The Mixed Legacy of Pim Fortuyn
Fifteen years ago this weekend, the Dutch politician Pim Fortuyn attended a radio interview in Hilversum, a small town not far from Amsterdam.
There was just over a week to go until the 2002 national elections, and opinion polls showed that that Fortuyn’s party was on track to win a significant number of votes – so many, in fact, that he might even become Prime Minister of the Netherlands. After a lively discussion of his future career prospects, Fortuyn left the studio, ready for his next engagement. But as he strode towards his Jaguar, a young man stepped forward and shot him several times. Fortuyn bled to death in the car park.

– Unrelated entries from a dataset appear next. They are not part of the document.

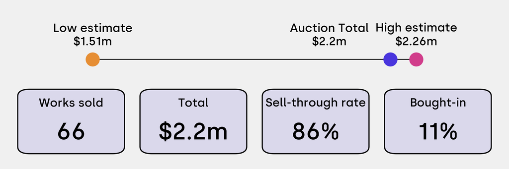All results include the fees and premiums added to the price of a work of art when the auctioneer's hammer falls. Estimates, sale prices and totals are converted into US dollars. Sale prices are compared to the auction house’s low estimate, which do not include premiums.
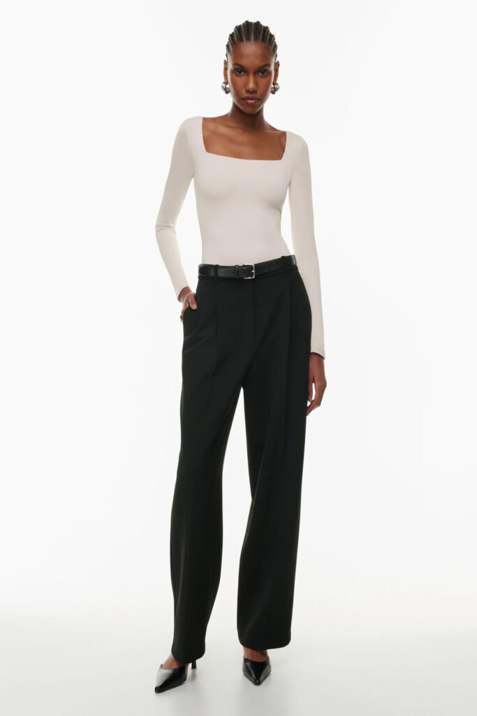 - High neckline complete with ribbed hemline
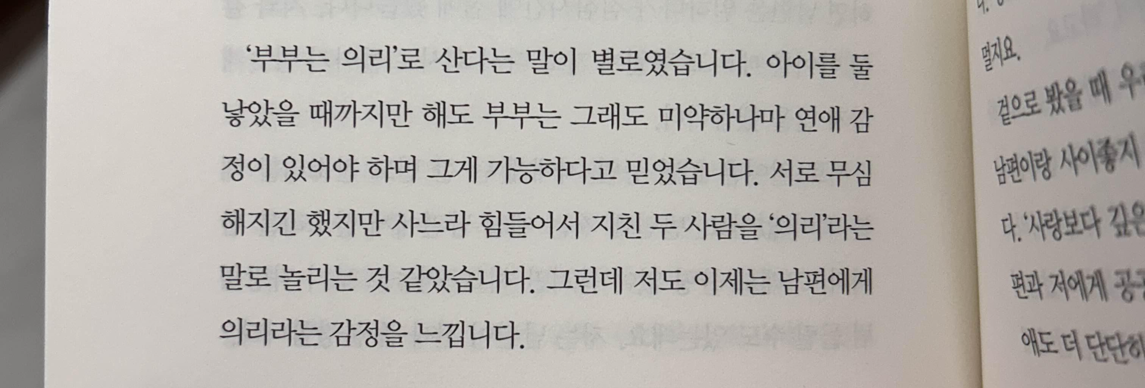 가끔 40-50대 중년 부부들이 부부 토크쇼에 나와 '의리'로 산다는 말을 자주한다. 시간이 흐르면 상현이와 나도 서로 애정이 없어지고 저렇게 표현할까? 라는 생각을 한 적 있었는데, 그 나이대가 되면 정말 사느라 바빠서 지쳐 '의리'라고 놀릴 수 있을것도 같다.
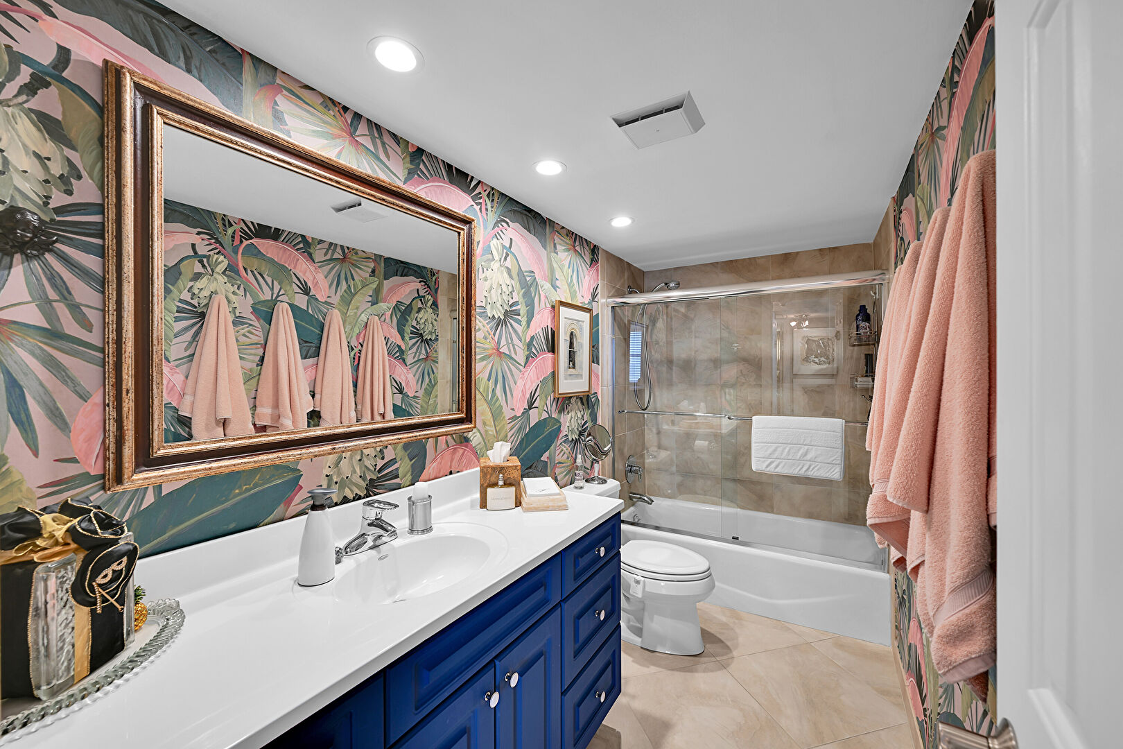 Baseboards Wall, Combined Bath Shower, Double Vanity, Full Bathroom, Recessed Lighting, Tile Floor, Vanity, Vent, Walk In Closet, Wallpaper Wall, Baseboards Wall, Tile Floor

For the Netherlands – a country where no leader had been assassinated since William of Orange, more than three centuries previously – the assassination was a landmark event in the country’s history; a crime so heinous as to be profoundly “un-Dutch”. Thousands filled the streets in tribute to Fortuyn, and a sea of flowers swept across the pavement in front of his house in Rotterdam. A decade and a half later, the shock has naturally faded, and commemorations of the anniversary are largely low-key. However, long after his death, Fortuyn’s legacy remains significant.
Most obviously, Fortuyn’s meteoric rise helped lay the foundations for a new kind of populism which was once rare, but now dominates headlines worldwide. Geert Wilders, for one, differs from Fortuyn in many ways, but is a clear ideological descendant. “Today we remember a great man”, Wilders tweeted on Saturday, before quoting Fortuyn on the “aggression of Islam”.

In today’s climate, it’s easy to forget just how revolutionary such populist sentiments once seemed. In the Netherlands, for much of the post-war era politics was sensible to the point of being utterly boring. Under the so-called ‘polder model’ of government, Dutch votes were usually split among a large number of political parties, and the Netherlands was run largely on the basis of compromise and negotiation. The convergence of major Dutch parties over several years made grand coalitions across the right/left divide possible, but also created a perception that nothing ever really changed. People who rose to the top in Dutch politics were usually boring technocrats rather than consensus-shattering Thatchers or Reagans.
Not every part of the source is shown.